How can we cut costs and improve operations and customer satisfaction by becoming Net Ready 2.0? In 2000, the book preached moving as many business functions as possible to the Internet. This is still very good advice but the Internet of 2000 is very different from the Internet of 2009. The current Internet, Web 2.0, is built on the assumption that bandwidth is plentiful and cheap, and for the most part, it is. (The Internet of 2000 still had plenty of dialup access.) What does this mean for business? Well for one thing it means that SasS deployment can support more applications and those applications can have rich media interfaces. So, SaaS (hosted) solutions can cover more of your company needs. Additionally, with Web based applications being available to more casual users, the user interface can now be rich enough to help guide the user through complex applications without lengthy, productivity robbing delays.

SaaS deployment is enjoying rapid market growth, partly because of the deep economic downturn and partly because the technology and applications are getting better. IDC reports that growth is up 50% at the enterprise level and 30% for SMB.

To SaaS or not to SaaS

Let’s look at how hosted applications have grown to either meet or not meet the promise of 2000. A friend of mine, Chuck DeVita, has often said that the best way to deliver an application (hosted verses on-premise) is to deliver it the way the customer wants it. Implicit in Chuck’s statement (Chuck is a very experienced sales executive in Enterprise software) is that there is no one correct answer. It really depends on the needs of the organization. Hosted applications are easier to deploy, especially if you are starting from ground zero and do not have to deal with much legacy data. We are particularly fond of collaboration applications for the SaaS model. Yet, as we get more and more comfortable with Web based applications for collaboration we are sharing more and more sensitive data on the Web.

In particular, when it comes to Web conferencing, we need to pay attention to access security for meetings. The weakest security point in web conferencing is access security. Every web conferencing system today uses meeting IDs and/or passwords as simple access security measures to protect web meetings from unwanted attendance.

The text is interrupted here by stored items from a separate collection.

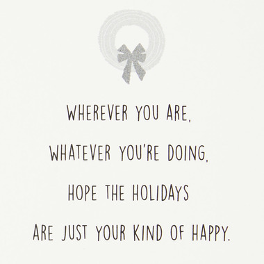 Inside reads: "Wherever you are, whatever you're doing, hope the holidays are just your kind of happy."
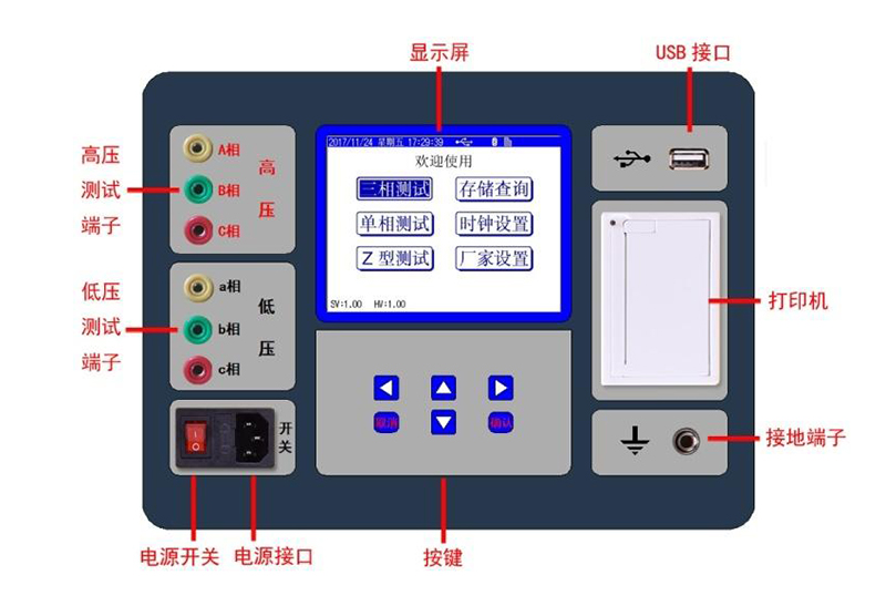 三相變比測試:用于常規(guī)三相變壓器變比與組別測量。
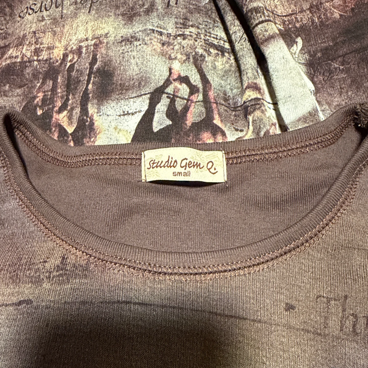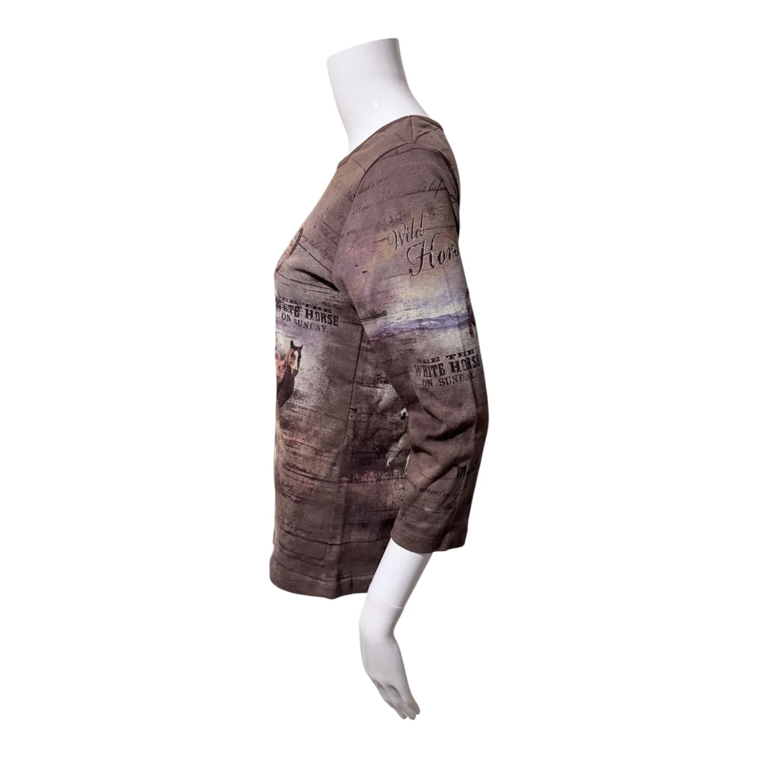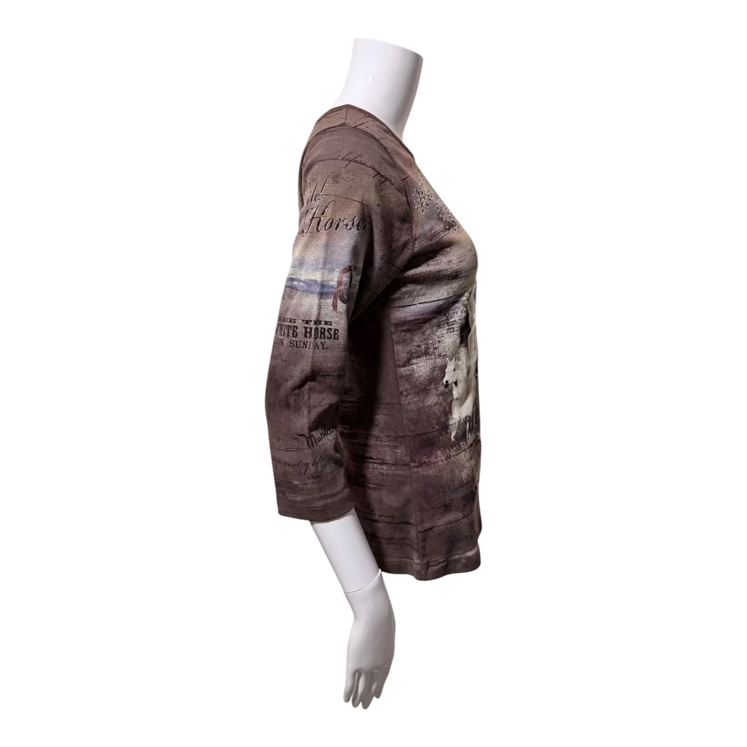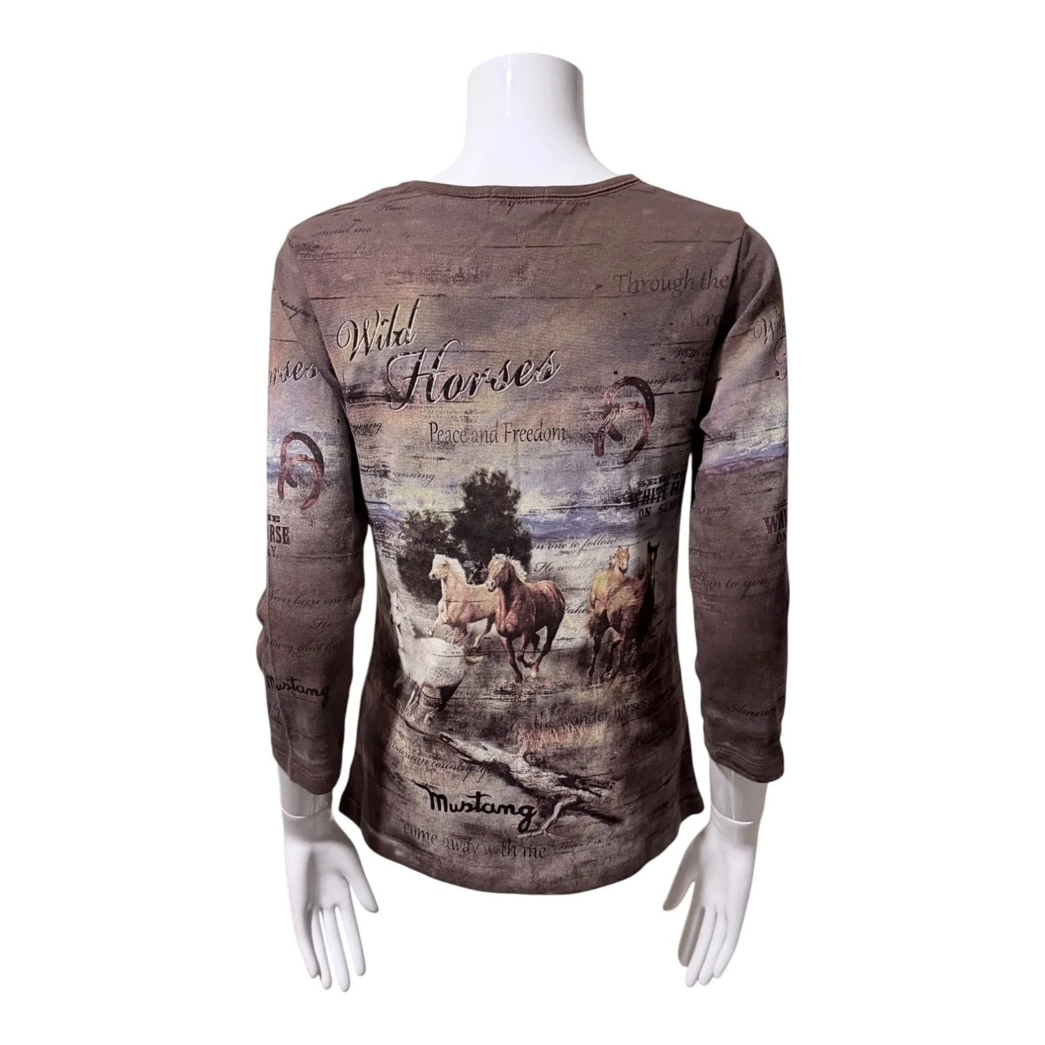 Horse girls, country girls, and cowgirls unite! This Y2K throwback is perfect for line dancing, the racetrack, or the stable. Features: Bedazzled “Wild Horses” text and horseshoes on upper chest Graphic print of horses and text throughout 3/4 sleeves Crew neckline Unlined 100% cotton Size: Small—styled on a US Size 2 dress form Condition: New Without Tag—size sticker still attached.
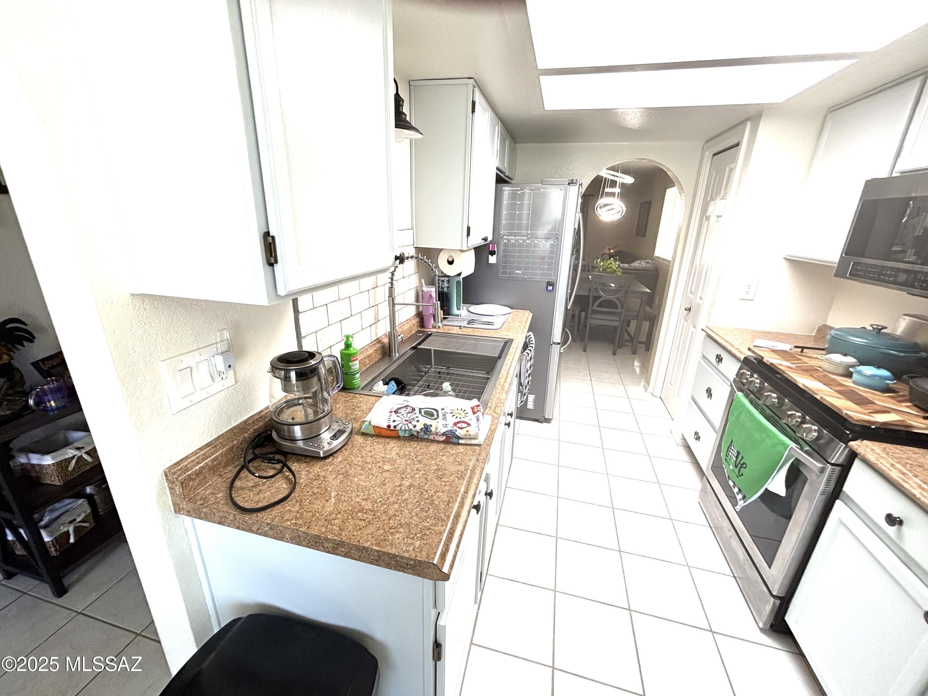 Absolutely Beautiful 3 Bedroom, 2 Ba Townhouse in the Popular Casa De Abregos community in Green Valley, Arizona. This home has a 2 car garage, end unit, nicely updated throughout. Amazing community pool right next to unit, Kitchen features newer countertops, trendy painted cabinetry, and all appliances stay including high end front loader washer and dryer. Stylish remodeled bathrooms, Tile in all the right places. Master suite offers gorgeous size walk in closet plus separate storage. New Roof completed in 2017. No rear neighbors with wide open space behind back yard.Low Hoa dues include pool, spa, and playground area. Will not last long. Come see this beautiful home.
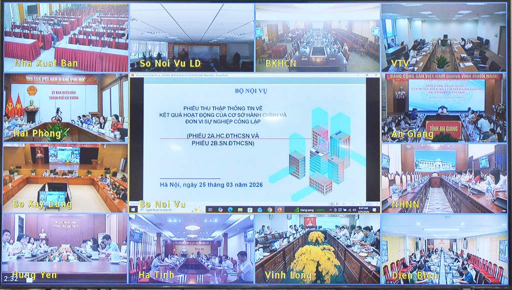 Sáng ngày 25/3/2026, Bộ Nội vụ tổ chức hội nghị trực tuyến toàn quốc tập huấn điều tra cơ sở hành chính, sự nghiệp (CSHCSN) năm 2026. Đồng chí Nguyễn Mạnh Khương, Phó Trưởng Ban Thường trực Ban Chỉ đạo điều tra CSHCSN Trung ương, Thứ trưởng Bộ Nội vụ dự hội nghị.
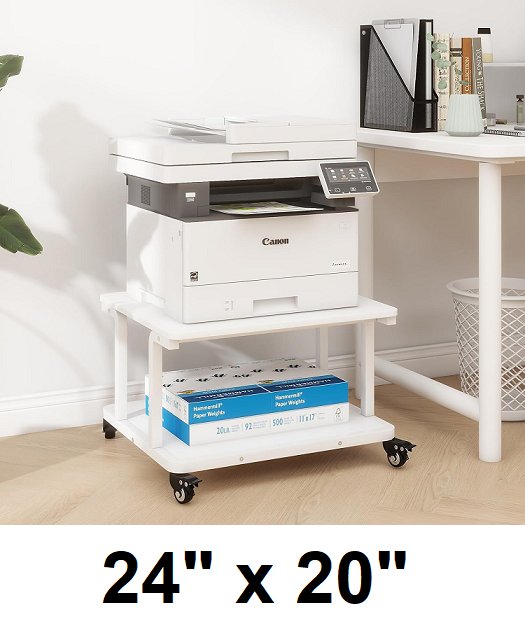 Natwind 2 Tier printer stand on wheels - hold up to 170lbs - 24" x 30" - white
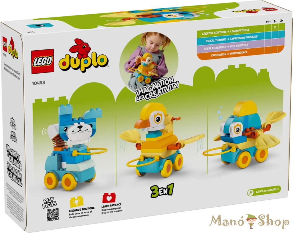 Inspiráld a kisgyermekek kreativitását a 3 az 1-ben guruló állatok (10448) építőjátékkal! A kis állatrajongók sokféle módon élvezhetik a fantáziadús játékot, miközben megépítik az óvodásoknak készült játék kacsát, halat és kutyát, de teljesen új állatokat is kitalálhatnak! Az óvodáskorú gyermekek, akik imádják a járműves LEGO® DUPLO® játékokat, kerekes alaplapra építhetik a figurákat, hogy azok száguldhassanak, vagy hogy egy fogantyúval húzhassák őket. A kisgyermekeknek szóló ajándéknak csuklópántos és mozgó elemei (például rugalmas farokelem) vannak, amelyek nagyon szórakoztatók a kisgyermekek számára, és fejlesztik a finommotoros készségeiket. A kicsik mozgásba hozzák a koncentrációjukat, a kitartásukat és a képzelőerejüket, miközben vég nélkül építik meg és át a kreatív játék állatokat. Ez a kisgyermekjáték rengeteg, játékosan fejlesztő pillanattal vár. Ehhez a 3 az 1-ben LEGO DUPLO szetthez könnyen kezelhető elemek tartoznak, amelyeket könnyen szét lehet szedni, és segítenek a kicsiknek megtanulni, hogyan építsék meg a figurákat úgy, hogy egyensúlyban legyenek a kerekeken, és ne dőljenek el. 58 építőelemmel. Építőjáték az órákon át tartó, fantáziadús játékért – Csempéssz színt és határtalan kreativitást a kisgyermekek játékidejébe a LEGO® DUPLO® Városi kalandok 3 az 1-ben guruló állatok építőjátékkal! Kreatív játék végtelen sok játéklehetőséggel – Az 58 kisgyermekbarát kockával a kis óvodások 3 játék állatot építhetnek: kacsa-, hal- és kutyafigurát, vagy bármilyen más állatot, amit csak ki tudnak találni A mozgó részek fejlesztik a finommotoros készségeket – A kicsik csapkodó uszonyt, verdeső szárnyat, forgó nyakat és olyan dinamikus részleteket adhatnak a játék állatokhoz, amelyeket örömmel fedeznek majd fel az apró ujjak Fejlesztőjáték óvodásoknak – Ez a 3 az 1-ben játék segít a kisgyermekeknek fejleszteni a kreativitásukat, az egyensúlyérzéküket, a nagy- és finommotoros készségeiket, sőt, a színeket is tanulhatják Ajándék kisgyermekeknek – Ez a fejlesztő LEGO® DUPLO® gyermekjáték csodálatos ajándék lehet születésnapra vagy egy különleges alkalomra, de szimpla meglepetésnek is tökéletes olyan 2+ éves gyerekeknek, akik imádják a járműveket és a játék állatokat Digitális építési útmutató – A LEGO® Builder app az óvodásoknak szóló játékban található útmutató digitális változatát tartalmazza. A készletet szigorúan teszteltük, hogy biztonságos játékélményt nyújtson Játékok, amelyek játékos tanulásra hívják a gyermekeket – A kisgyermekeknek készült LEGO® DUPLO® fejlesztőjátékok segítenek az óvodásoknak fejleszteni az életben fontos készségeket, és felkészítik őket az élethosszig tartó tanulás kalandos útjára Méretek – Az 58 darabból álló építőjáték óvodásoknak készült kutyafigurája 21 cm magas
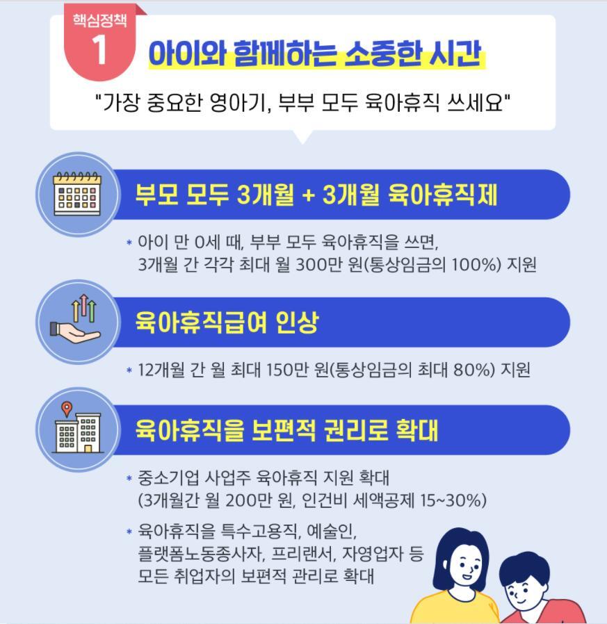 생후 12개월 미만 자녀가 있는 부모가 모두 3개월씩 육아휴직을 하면 각각 월 300만원(통상임금 100%)을 지급하는 것으로, 부모 중 한 명만 휴직할 때보다 육앟직급여가 많아지는 셈입니다.
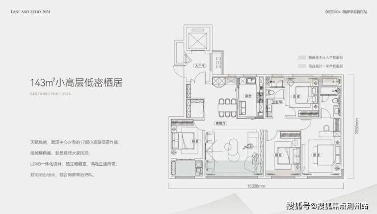 首开的143㎡小高层户型,四房两厅两卫,南向面宽高达15.3米;四开间朝南,客厅开间约5.4米;阳台进深约2.1米,双阳台再加上全赠送的飘窗,优化后得房率约95%,如果再加上约6.6㎡的电梯前室,得房率高达99%。
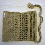 sample woven by Nell Znamierowski for her book Step-by-Step weaving page 79 purse with braided draw string warp and weft linen leno, mexican lace and spanish lace techniques lined with black fabric
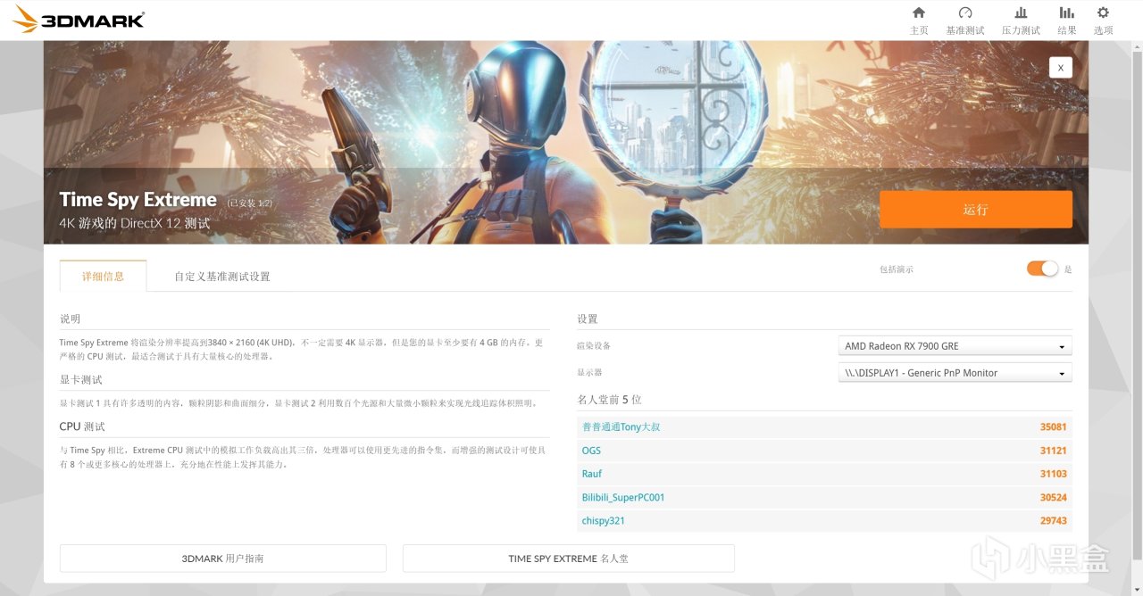 7.Time Spy Extreme 常用的显卡+高负载cpu跑分项目,赛博斗显卡项目,点击运行,简单理解为在dx12(新游戏基本都是dx12)+4k分辨率下你显卡+高负载CPU能跑多少帧(分)
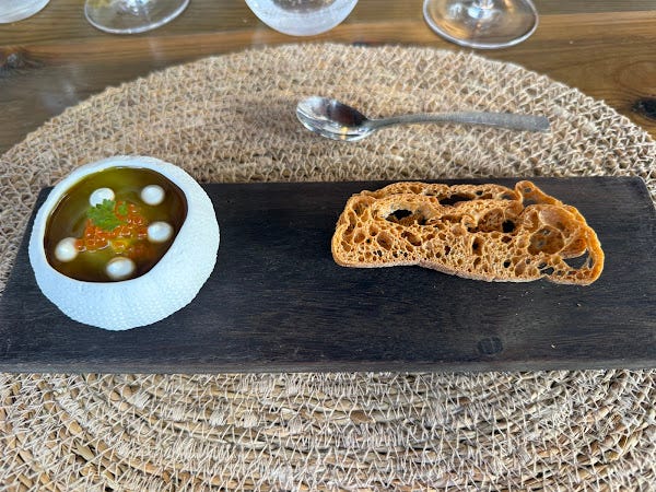 Crab and avocado was very nearly right. Plenty of fresh crab meat (plus a good amount of brown, always nice to see) and exquisitely presented, with dots of what I assume was a very light mayonnaise dancing around a generous dollop of roe. But there was something slightly off-putting about the texture of the avocado - it had been blitzed to within an inch of its life to a strange, characterless, cold avocado-flavoured cream which rather than complimenting the crab just ended up relying on it for seasoning and texture. Also - and I’m quite prepared to admit this is my own personal hill to die on - if you use a particular animal’s form to serve a dish, whether it’s a scallop shell or as in this case a ceramic sea urchin or anything else, it really should contain some element of that animal in the dish itself. And I don’t think there was any sea urchin in this. Or if there was, we couldn’t taste it.
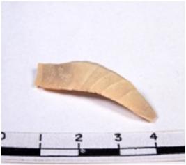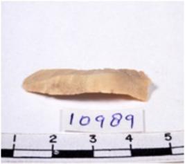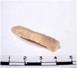 | Description / विवरण | A fragment of a rectangular shaped chert blade showing dorsal sides with sharp cutting edges having smooth surface and triangular section. |
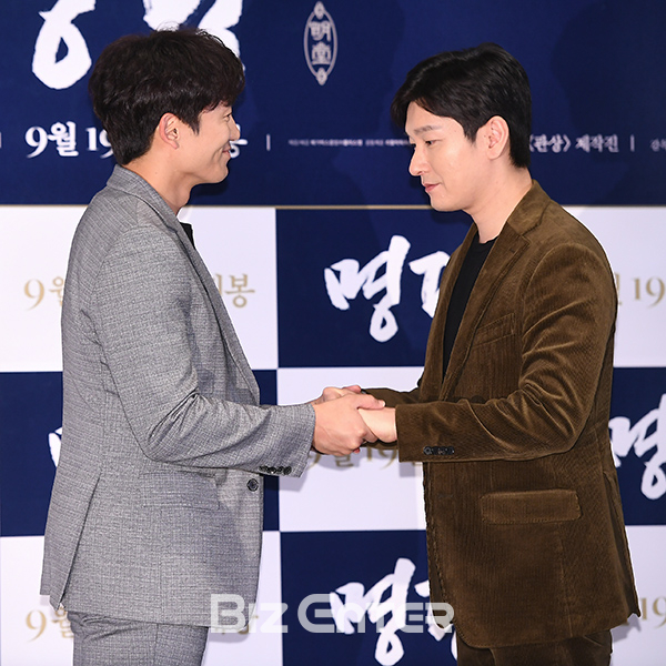 배우 지성, 조승우가 11일 오후 서울 강남구 메가박스 코엑스에서 열린 영화 ‘명당’(감독 박희곤) 언론시사회에 참석해 포즈를 취하고 있다.

However, the problem is that meeting IDs and passwords are usually emailed to attendees before scheduled meetings start. This process can easily compromise access security. Your computer screen may be captured within seconds once a hacker intercepts or guesses your meeting ID or password. Once you realize you have been hacked, it is too late to close your meeting.

As we deploy more and more applications on the Web, security will become more and more of an issue. What other issues do you think will become important as we make our businesses “Net Ready”?